=== Data provided ===
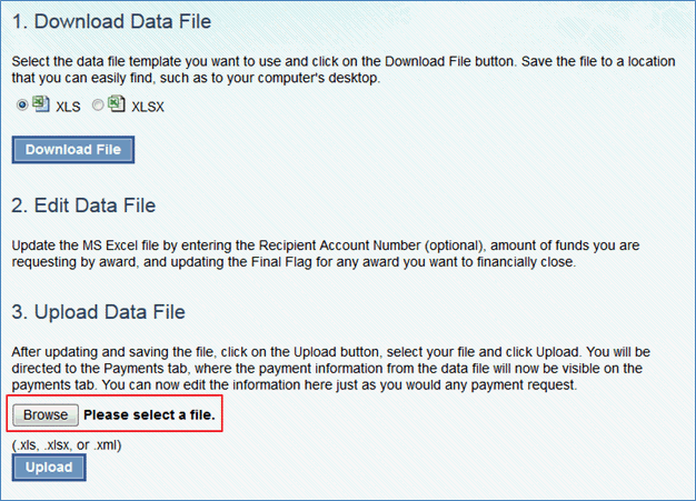 5. Select the “Browse” button and locate the Excel or XML file containing the payment transaction and click the “Upload” button. The system will display a confirmation that the upload was successful or an error if unsuccessful.
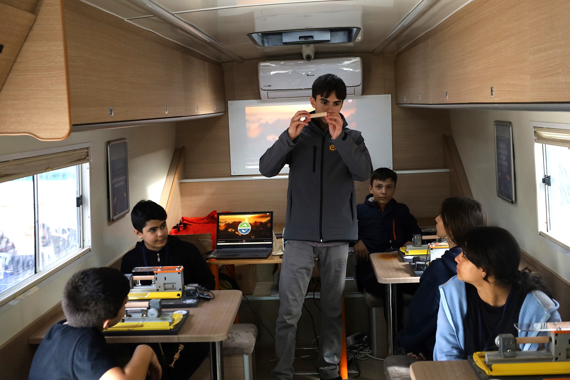 Türkiye’nin dört bir yanında çocuklara deniz sevgisini aşılamak için yola çıkan TURMEPA’nın gezici eğitim otobüsü, Sakarya’da 5., 6., 7. ve 8. sınıf öğrencileriyle buluştu. Oyunlar, interaktif eğitimler ve görsel materyallerle desteklenen programda, çocuklara deniz ekosisteminin önemi, kirliliğin nedenleri, su kaynaklarının korunması ve deniz canlılarının yaşam alanlarının sürdürülebilirliği gibi konular aktarıldı.
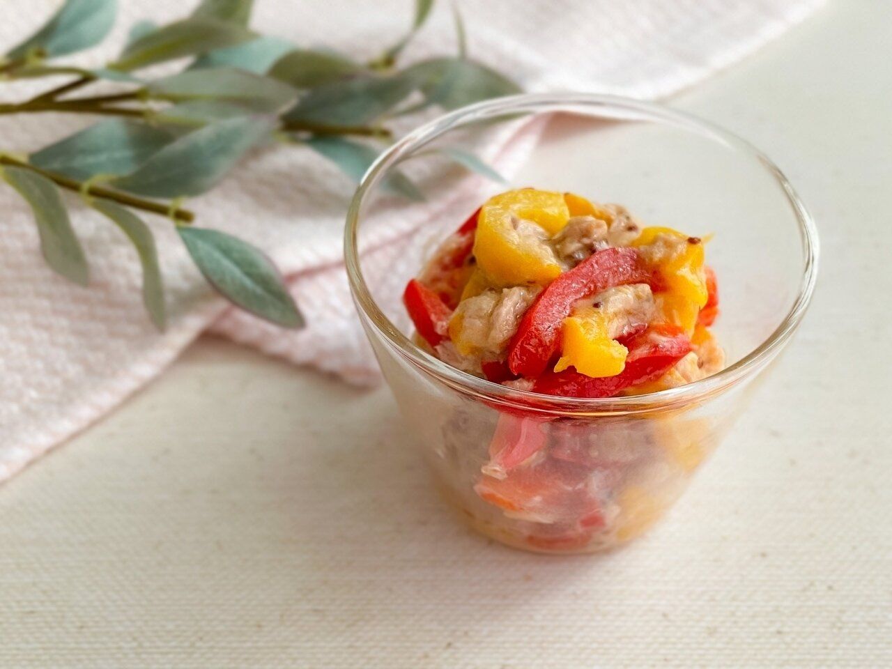 スライスしたパプリカとツナ缶、調味料を和えるだけ。粒マスタードの辛みがアクセントになり、そのまま食べてもパンにのせてもおいしく召し上がれます。
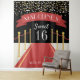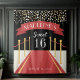 Crea una atmósfera de glamour de Hollywood en tu celebración de cumpleaños dieciséis con este telón de fondo fotográfico personalizado que cuenta con una alfombra roja y una cuerda de terciopelo. El nombre del invitado de honor se muestra en una marquesina roja con "cumpleaños dieciséis" debajo en blanco.
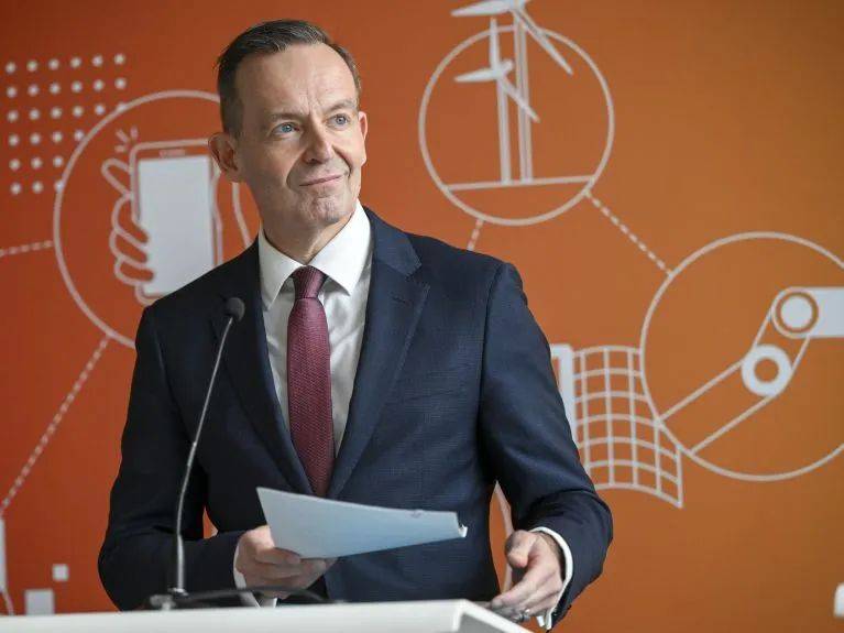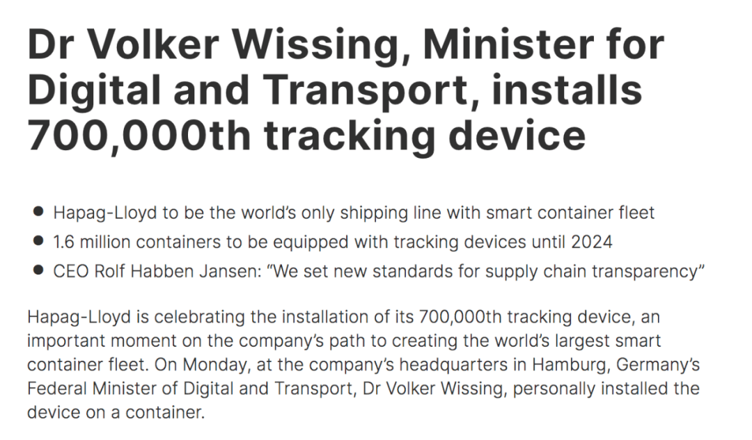 德国数字化和交通部部长Volker Wissing,将第70万个设备安装在赫伯罗特的集装箱上。
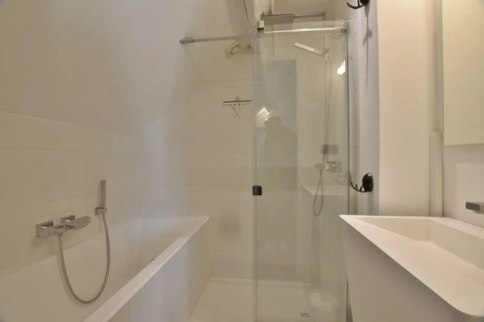 Un bain, une douche et un lavabo, dans le seul "petit coin" libre d' une suite parentale. Un défi relevé avec brio pour cette salle d'eau magnifique où chaque détail a été pensé.
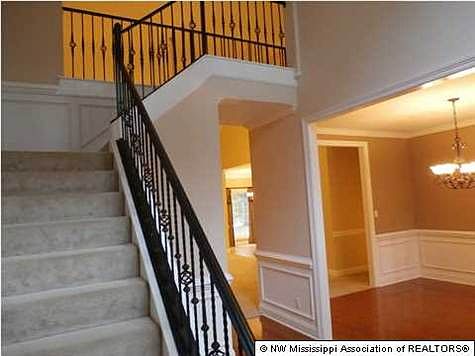 Four bedroom, three full baths, with a playroom on a one acre treed lot and a three car garage. Downstairs is the master bedroom with lots of windows, tray ceiling and door to outside, guest bedroom, two baths, dining room with wood floors, laundry room with outside door, great room with two story ceiling and fireplace. Upstairs are two bedrooms, bath, and a playroom. Two story foyer with wrought iron railing on the stairs and wood floors. The kitchen has granite counter tops and eat in kitchen with breakfast bar, lots of cabinets. The master bath has double sinks and separate tub and shower. Room sizes are estimate. Buyer to verify schools.

=== Task objective ===
Beginning with the line above that contains "Crea una atmósfera" and ending with the line that contains "Un bain, une", quote each line exactly, keeping out the pictures.

=== Exercise solution ===
 Crea una atmósfera de glamour de Hollywood en tu celebración de cumpleaños dieciséis con este telón de fondo fotográfico personalizado que cuenta con una alfombra roja y una cuerda de terciopelo. El nombre del invitado de honor se muestra en una marquesina roja con "cumpleaños dieciséis" debajo en blanco.
 德国数字化和交通部部长Volker Wissing,将第70万个设备安装在赫伯罗特的集装箱上。
 Un bain, une douche et un lavabo, dans le seul "petit coin" libre d' une suite parentale. Un défi relevé avec brio pour cette salle d'eau magnifique où chaque détail a été pensé.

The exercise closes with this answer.